Following that, pnbd.PlotFrequencyInCalibration, bgnbd.PlotFrequencyInCalibration and bgbb.PlotFrequencyInCalibration will give a check that the model fits the data in-sample. Further plotting functions, comparing actual and expected results, are labelled "pnbd.Plot...", "bgnbd.Plot..." and "bgbb.Plot...". The building blocks of these functions are also provided: pnbd.LL, bgnbd.LL bgbb.LL, pnbd.pmf, bgnbd.pmf, bgbb.pmf, pnbd.Expectation, bgnbd.Expectation, bgbb.Expectation, pnbd.ConditionalExpectedTransactions, bgnbd.ConditionalExpectedTransactions, and bgbb.ConditionalExpectedTransactions may be of particular interest.

This package uses the following conventions:

The time period used to estimate the model parameters is called the calibration period. Users may be accustomed to this being called the estimation period, or simply being referred to as "in-sample". Function parameter names generally follow this convention: for example, "n.cal" is used to refer to the number of transaction opportunities in the calibration period.
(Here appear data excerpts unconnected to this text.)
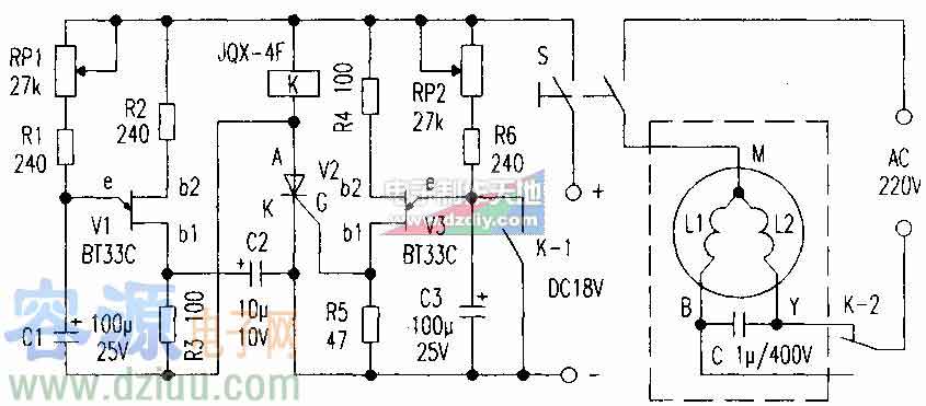 附圖所示電路可用于洗衣機(jī)或需要吸氣/排氣的風(fēng)扇電機(jī)定時自動換向運(yùn)轉(zhuǎn)電路。圖中虛線框內(nèi)是電機(jī)M的電原理圖,C為裂相電容器,用作產(chǎn)生旋轉(zhuǎn)磁場使M轉(zhuǎn)動。L1、L2是參數(shù)完全相
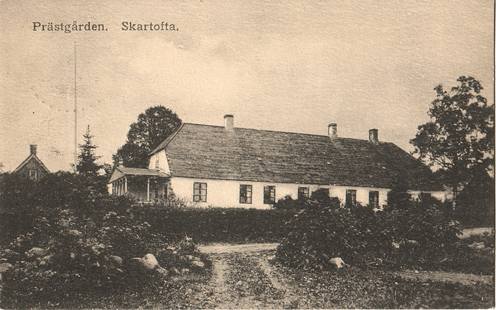 ![]() Prästgården, 1914, som blev byggd 1801, 5 år innan kyrkan blev nedlagd. Vykort som skickats av Anna Nordstrand, 14 år gammal och dotter till prästen Axel Herman. Hon nämner bl.a. att de har telefonnummer Östraby 20 b. | |
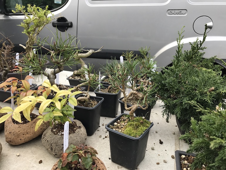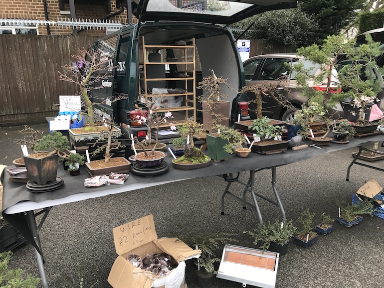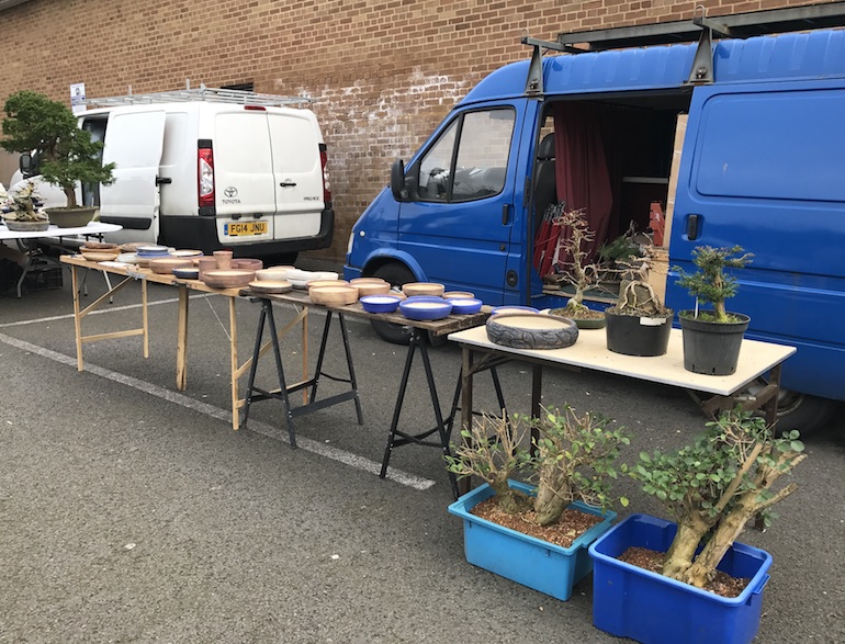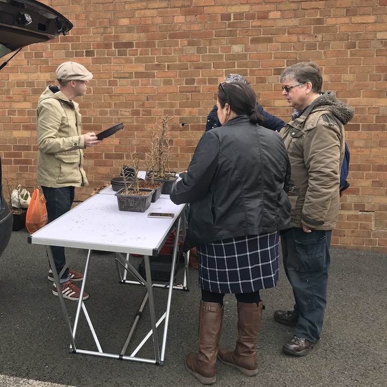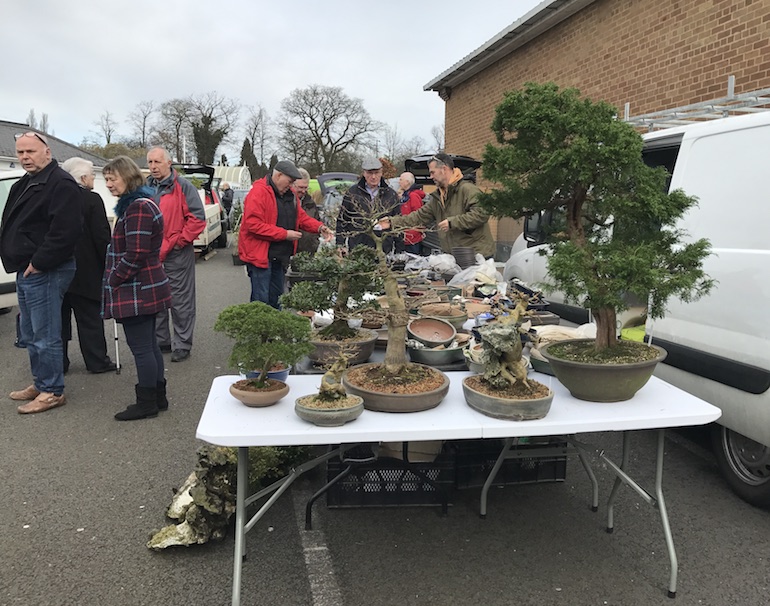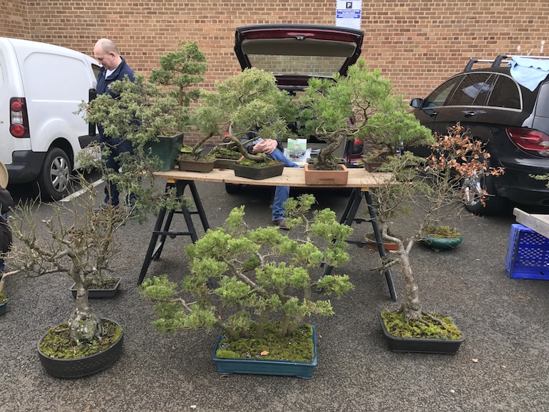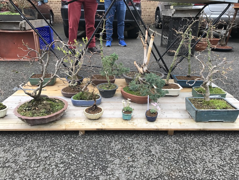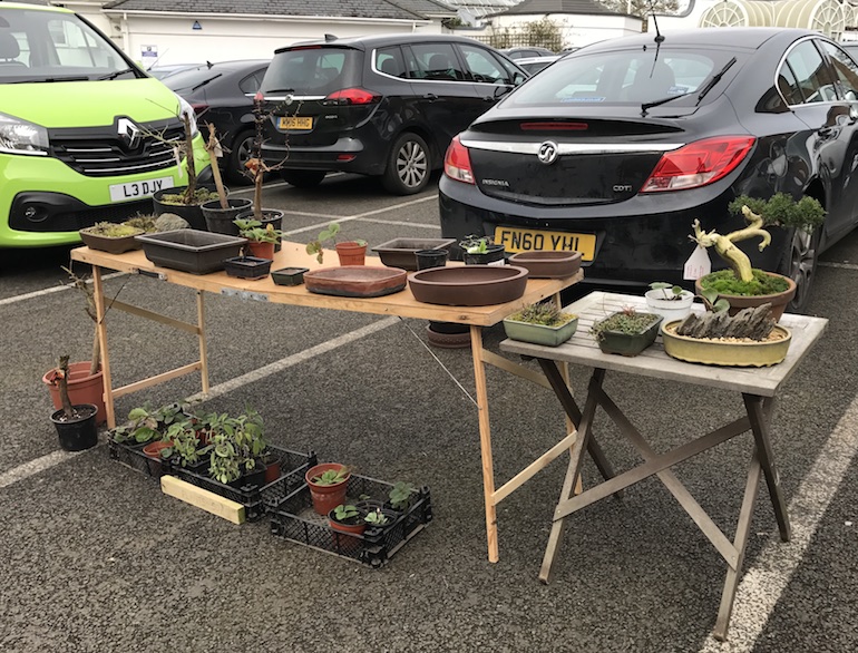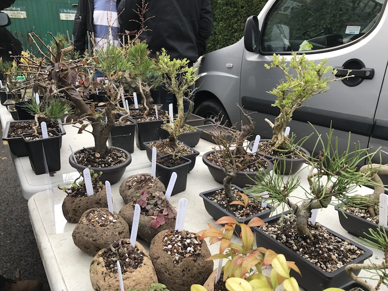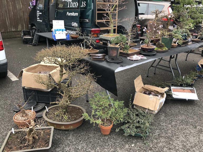 The Bonsai Boot Sale at Birmingham Botanical Gardens was a well attended event today coniciding with the Federation of British Bonsai Societies (FoBBS) Annual General Meeting (AGM). There was a good selection of bonsai on sale of all price ranges and some bargains to be had. There were trees of all sizes from established bonsai to collected material and some funky mame twisted Larch which had to be bought to add to the ever growing collection. Here are some images of the event to show you the selection of trees and other bonsai items on sale. It was good to see so many bonsai friends and have an opportunity to shop for bonsai in a great setting at the botanical gardens.

The time period used to validate model performance is called the holdout period. Users may be accustomed to this being called the validation period, or simply being referred to as "out-of-sample". Function parameters relating to this time period are generally appended with ".star". For example, n.star is used to refer to the number of transaction opportunities in the holdout period.
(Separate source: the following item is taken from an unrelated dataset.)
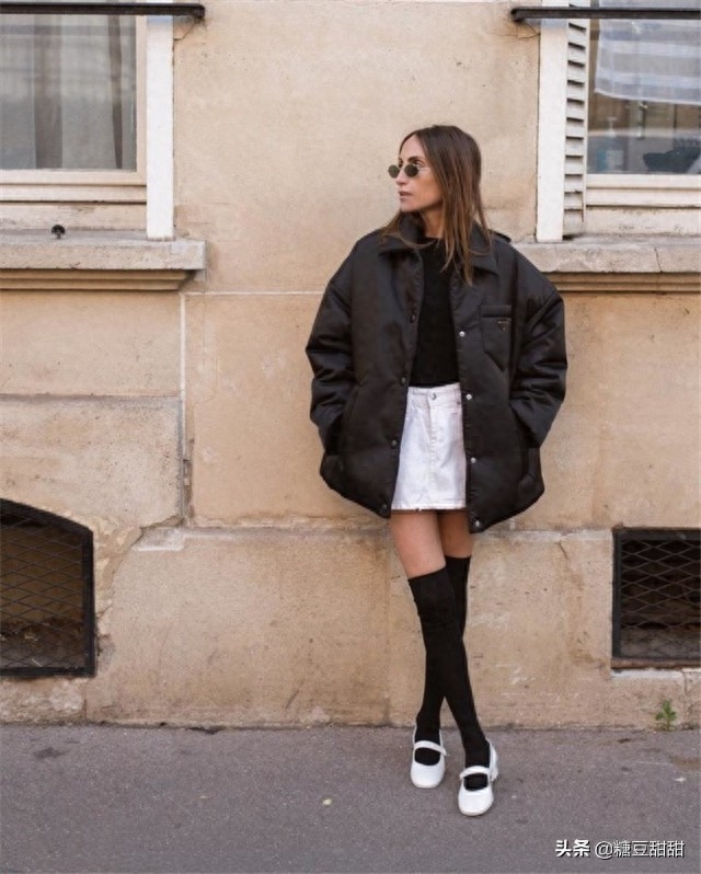 如果是一整套黑色的穿搭那么会很单调,这时候我们可以把短裙和过膝袜的颜色不一样,搭配一件白色的短裙就把整体提亮了不少,而且与小白皮鞋相呼应。

As described in the papers referenced below, the BG/BB, BG/NBD and Pareto/NBD models are generally concerned with repeat transactions, not total transactions. This means that a customer's first transaction in the calibration period is usually not part of the data being modeled - this is due to the fact that a new customer generally does not show up "on the company's radar" until after their first purchase has taken place. This means that the modal number of repeat purchases tends to be zero. If your data does not have a relatively large number of customers with zero transactions, but does have a relatively large number of customers with one transaction, and the estimation functions are struggling, the problem is most likely that you are including customers' very first transactions. Some of the data-conversion functions have examples illustrating how to work with data that includes this very first transaction. Note that this does not apply to the holdout period; in the holdout period, we already know about the customer and take all of their previous transactions into account.